I would like to get a recommendation on how to structure ingestion of lots of tables of data. I am using autoloader currently with the directory searching mode.
I have concerns about performance in the future and have a requirement to ensure that data is processed as a complete batch.
The files dropped in storage are in the following path:
/year/month/day/hh:mm:ss/table_name/tablename_other_text.snappy.parquet
The files are dropped in batches with each table in a batch being written to the same /year/month/day/hh:mm:ss folder which corresponds to the batch timestamp for the data.
For Example:
```
.
├── 2024/
│ ├── Aug/
│ │ ├── 19/
│ │ │ ├── 07:05:40/
│ │ │ │ ├── table_1_name/
│ │ │ │ │ ├── table_1_name_other_text_0_0_0.snappy.parquet
│ │ │ │ │ ├── table_1_name_other_text_0_0_1.snappy.parquet
│ │ │ │ │ └── table_1_name_other_text_0_0_2.snappy.parquet
│ │ │ │ ├── table_2_name/
│ │ │ │ │ ├── table_2_name_other_text_0_0_0.snappy.parquet
│ │ │ │ │ ├── table_2_name_other_text_0_0_1.snappy.parquet
│ │ │ │ │ └── table_2_name_other_text_0_0_2.snappy.parquet
│ │ │ │ └── ...
│ │ │ ├── 10:07:22/
│ │ │ │ ├── table_1_name/
│ │ │ │ │ ├── table_1_name_other_text_0_0_0.snappy.parquet
│ │ │ │ │ ├── table_1_name_other_text_0_0_1.snappy.parquet
│ │ │ │ │ └── table_1_name_other_text_0_0_2.snappy.parquet
│ │ │ │ ├── table_2_name/
│ │ │ │ │ ├── table_2_name_other_text_0_0_0.snappy.parquet
│ │ │ │ │ ├── table_2_name_other_text_0_0_1.snappy.parquet
│ │ │ │ │ └── table_2_name_other_text_0_0_2.snappy.parquet
│ │ │ │ └── ...
│ │ │ └── ...
│ │ └── ...
│ └── ...
└── ...
```
The schema of the different tables are unique.
The external service that is uploading these parquet files also has a eventgrid namespace topic that it publishes events to when it has uploaded all the files for a particular batchtimestamp.

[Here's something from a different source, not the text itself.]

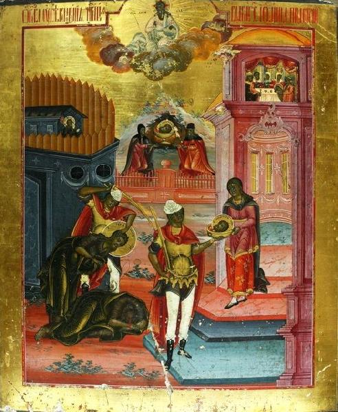 Усекновение главы Иоанна Предтечи произошло во время пира в честь дня рождения Ирода, на котором присутствовали вельможи, старейшины и тысяченачальники. Дочь Иродиады Саломия (Саломея) танцевала перед гостями, расположив тем самым к себе Ирода, который поклялся дать ей все, что она ни попросит – хотя бы даже и половину своего царства. По наговору своей матери Иродиады, у которой появилась возможность отомстить святому Иоанну и навсегда избавиться от упреков и обличений, Саломея попросила дать ей голову Иоанна Крестителя и принести ее на блюде. Ирод смутился, так как боялся гнева Божия за убийство пророка, а также народного гнева, поскольку Предтеча был любим жителями Галилеи. При этом из Евангелий известно, что Ирод во многом слушал святого Иоанна и поступал по его словам – но, как пишет свт. Иоанн Златоуст, правитель «царствовал над удовольствиями, вернее, был рабом удовольствий». Златоуст полагает, что, скорее всего, клятвой Ирод прикрылся, как благовидным предлогом – на самом же деле, истинной причиной его поступка была боязнь потерять Иродиаду.

The structure of this event is:
```
{
"Id": "ee35cf85-eac5-4dc2-b78e-4412bc4918ac",
"EventType": "Banana.Storage.BlobCreated",
"Subject": "banana-tree-fox-files",
"Data": {
"BatchDate": "2024-08-19T07:05:40",
"TableNames": #HASH,
"FileDirPath": "2024/Aug/19/07:05:40",
"TableNamesArr": [
"table_1_name",
"table_2_name",
"table_3_name"
],
"FileEntries": [
{
"Filename": "table_1_name_0_0_0.snappy.parquet",
"FileSize": "16246",
"IsSkipped": false,
"HasError": false
},
{
"Filename": "table_1_name_0_1_0.snappy.parquet",
"FileSize": "19532",
"IsSkipped": false,
"HasError": false
},
{
"Filename": "table_2_name_0_0_0.snappy.parquet",
"FileSize": "19732",
"IsSkipped": false,
"HasError": false
},
]
}
}
```
Currently I am using multiple instances of autoloader to read all of the different tables using the path with wildcards to filter the data to only pull in the parquets for an individual table. This is working but feels terribly inefficient.
``` python
spark.readStream.format("cloudFiles")
.options(**autoloader_config)
.load(source_path + table_name.upper() + "/" + table_name.upper() + "*." + fileformat)
.selectExpr(
"*",
"_metadata.file_path AS SOURCE_FILE_PATH",
"_metadata.file_modification_time AS LOAD_DATETIME",
)
.withColumn("BATCH_ID", parse_file_path(col("SOURCE_FILE_PATH")))
```
The downsides of this method:
1. Each instance of autoloader is doing directory listing of thousands of files that it doesn't care about.
1. When autoloader runs it can pick up a partially written batches if a new timestamped folder has been created and parquets written for some of the tables but not all.
Options:
- have an intermediary service that is triggered by the kafka message and copies the files corresponding to the completed batch over to another blob storage account and put it in a different folder structure. probably /table_name/{timestamp}.parquet and then each autoloader only has to look at the directory that corresponds to it's table.
- Use autoloader in notification mode and create a separate queue for autoloader to look at that would only contain the blob created events corresponding to the files that have been listed in the kafka message.
I would like to know if you have any recommendations or if there is a much simplier solution using aspects of autoloader or databricks that I am unaware of.